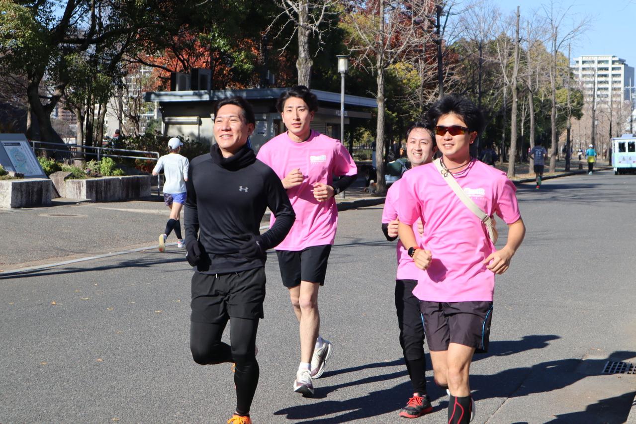 その後は大阪城公園へ移動し、みんなで一緒にランニング。12月とは思えない最高気温20℃の中、約1時間、お互いに交流しながら気持ちよく走る時間となりました。
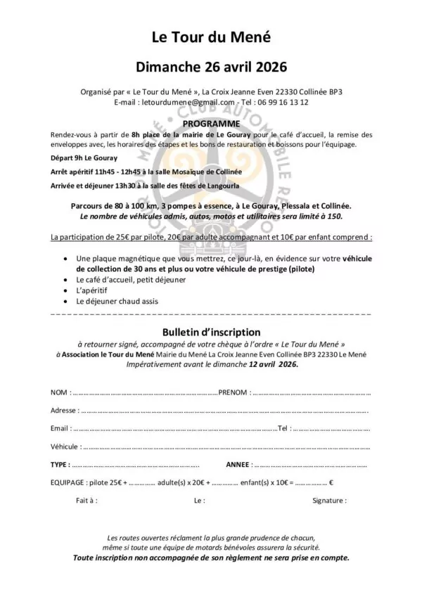 Tour du Mené - Rallye de voitures et motos anciennes
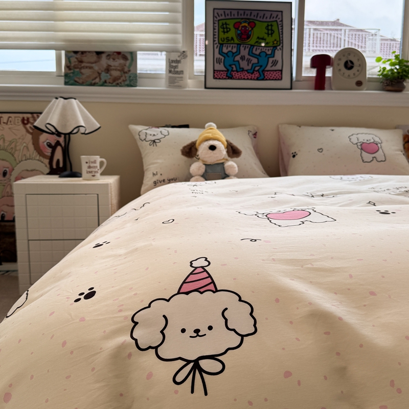 当前位置: 91家纺网 > 商品网购 > 床品套件 > 四件套 > 全棉普通四件套 > 慕尚家纺 2025新款13070全棉纯棉印花四件套 桃心狗
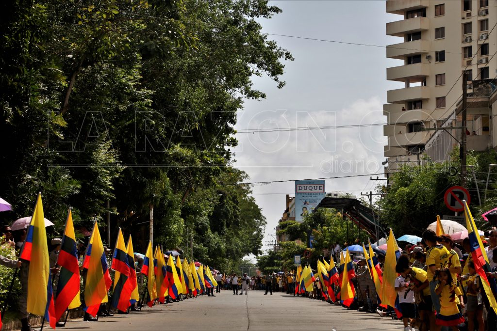 500 banderas de Colombia estuvieron dispuestas a lo largo de la Av. Primera. Los monterianos acudieron en familia a disfrutar del Desfile y llenaron la avenida principal de la capital, algunos asistieron luciendo la camiseta de la Selección Colombia.

### Prompt:
Write out again every line above exactly as given; the pictures do not belong in the copy.

### Response:
 その後は大阪城公園へ移動し、みんなで一緒にランニング。12月とは思えない最高気温20℃の中、約1時間、お互いに交流しながら気持ちよく走る時間となりました。
 Tour du Mené - Rallye de voitures et motos anciennes
 当前位置: 91家纺网 > 商品网购 > 床品套件 > 四件套 > 全棉普通四件套 > 慕尚家纺 2025新款13070全棉纯棉印花四件套 桃心狗
 500 banderas de Colombia estuvieron dispuestas a lo largo de la Av. Primera. Los monterianos acudieron en familia a disfrutar del Desfile y llenaron la avenida principal de la capital, algunos asistieron luciendo la camiseta de la Selección Colombia.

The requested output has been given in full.